It's also long; abstracting and commenting on its twists and angles would make a very complicated post. So maybe it's best just to bring it to your attention and let you have at. I may come back to it later, picking at the bits.

Here's the start, a terrific piece of writing in its own right. Note the visuals, note the conclusion (sorry, my asterisk):
It's a few days before Christmas, and Julian Assange has just finished moving to a new hide-out deep in the English countryside. The two-bedroom house, on loan from a WikiLeaks supporter, is comfortable enough, with a big stone fireplace and a porch out back, but it's not as grand as the country estate where he spent the past 363 days under house arrest, waiting for a British court to decide whether he will be extradited to Sweden to face allegations that he sexually molested two women he was briefly involved with in August 2010.

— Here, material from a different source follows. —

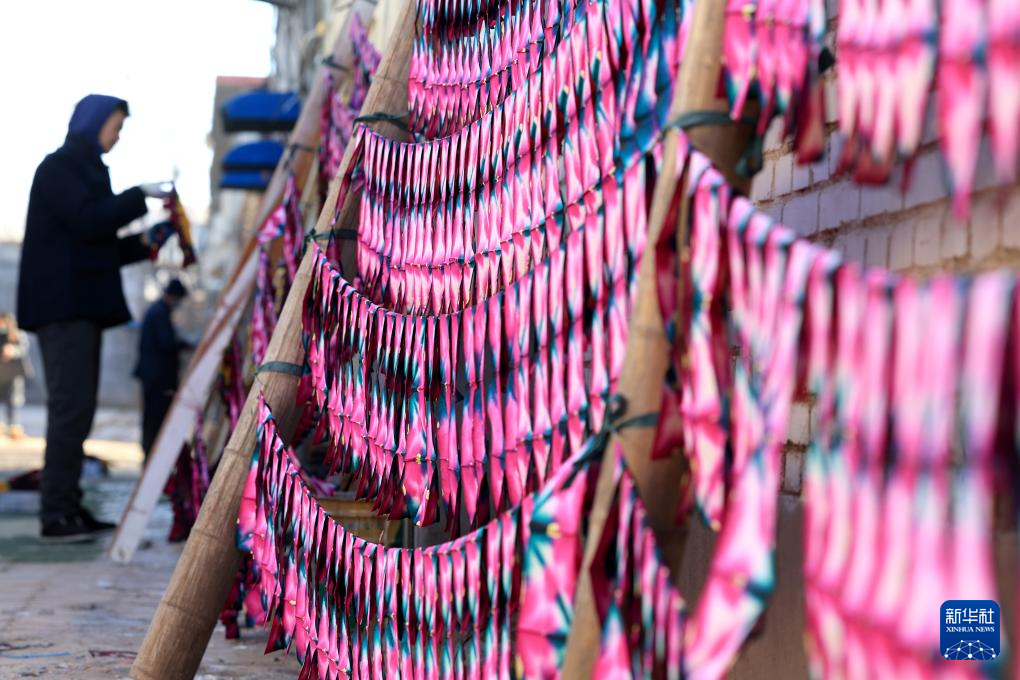 1月24日,在石家庄市栾城区邵家庄村,手工艺人在晾晒彩子。

Assange sits on a tattered couch, wearing a wool sweater, dark pants and an electronic manacle around his right ankle, visible only when he crosses his legs. At 40, the WikiLeaks founder comes across more like an embattled rebel commander than a hacker or journalist. He's become better at handling the media – more willing to answer questions than he used to be, less likely to storm off during interviews – but the protracted legal battle has left him isolated, broke and vulnerable. Assange recently spoke to someone he calls a Western "intelligence source," and he asked the official about his fate. Will he ever be a free man again, allowed to return to his native Australia, to come and go as he pleases? "He told me I was f*cked," Assange says.
I've been calling Assange a classic case of "stain on the pavement" material. But maybe they've gotten more sophisticated — death-by-miserable-life, a fate Assange may well share with Bradley Manning. After all, it saves on all that "pressure-washing the concrete" money, and it's more fun for the torturer if the victim lingers, broken.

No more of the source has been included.